Source data:
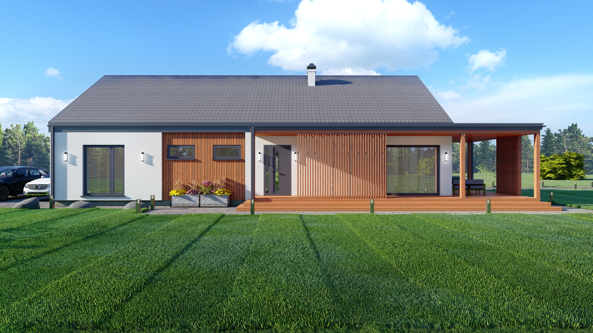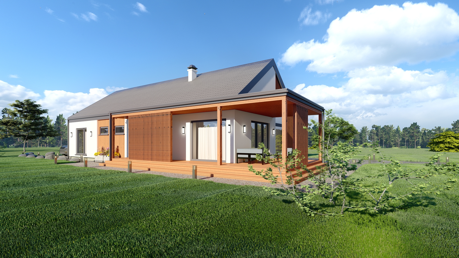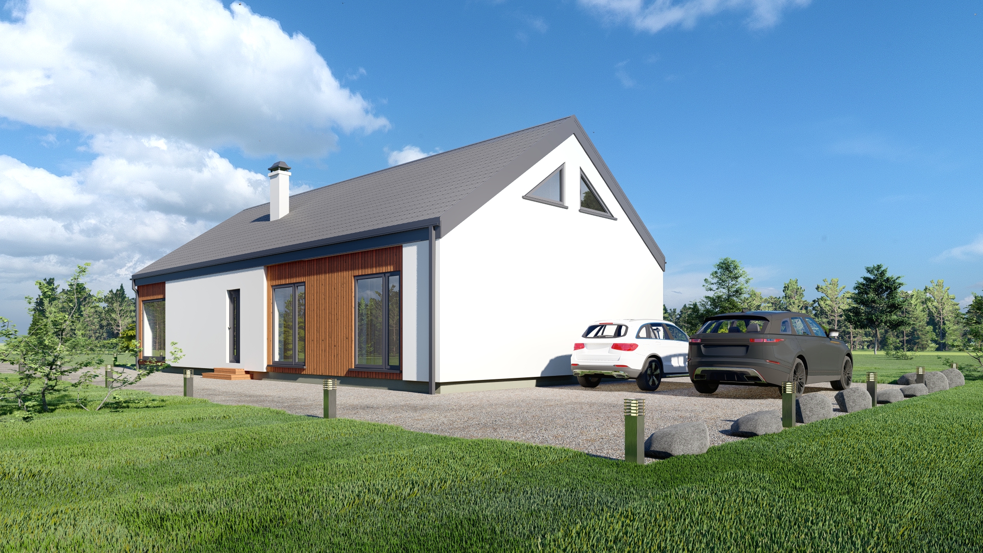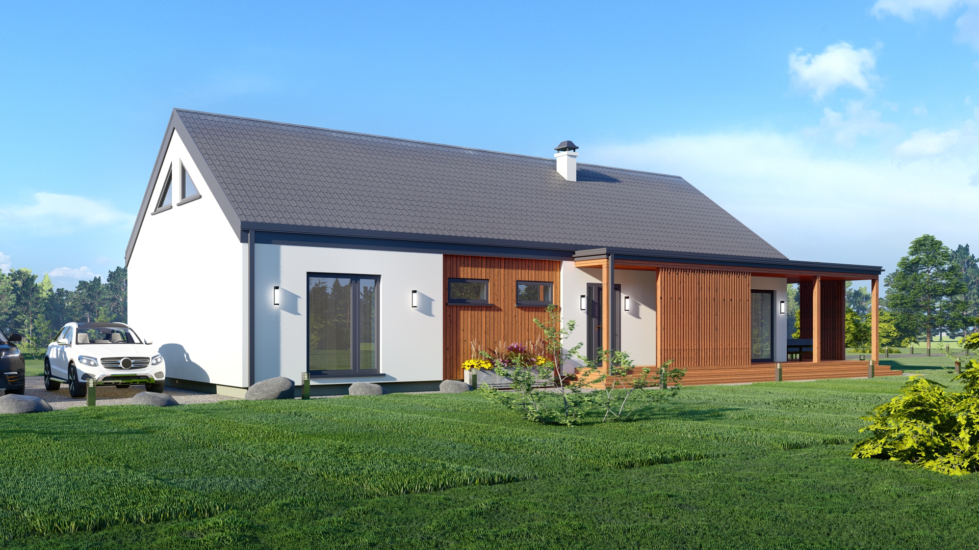 koka siju karkass, aizpildīts ar minerālvati, viesistabas zonā griesti līdz jumta konstrukcijai
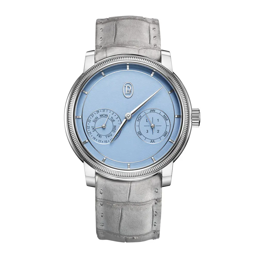 Die Parmigiani Toric Quantième Perpétuel “Morning Blue” (PFH952-2010002-300181) ist eine luxuriöse Dress-Uhr, die den ewigen Kalender mit zeitloser Eleganz verbindet. Das 950-Platingehäuse mit der charakteristischen Toric-Lünette wird von einem handgekörnten Zifferblatt im Farbton „Morning Blue“ ergänzt, das Tiefe und Raffinesse unterstreicht.
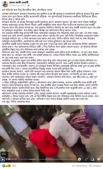 इसके बाद कुछ फ़्रेम्स के साथ रिवर्स इमेज सर्च करने पर हम बांग्लादेशी फ़ेसबुक यूज़र रहमत अली हलाली के पेज पर पहुंचे. इस पेज पर वीडियो का लम्बा वर्शन मौजूद है जो 27 अप्रैल 2021 को अपलोड किया गया था.

The problem: Word for word, restate the lines from the first line of the material through the line containing "Die Parmigiani Toric", with the pictures left out.

Solution to this task:
 koka siju karkass, aizpildīts ar minerālvati, viesistabas zonā griesti līdz jumta konstrukcijai
 Die Parmigiani Toric Quantième Perpétuel “Morning Blue” (PFH952-2010002-300181) ist eine luxuriöse Dress-Uhr, die den ewigen Kalender mit zeitloser Eleganz verbindet. Das 950-Platingehäuse mit der charakteristischen Toric-Lünette wird von einem handgekörnten Zifferblatt im Farbton „Morning Blue“ ergänzt, das Tiefe und Raffinesse unterstreicht.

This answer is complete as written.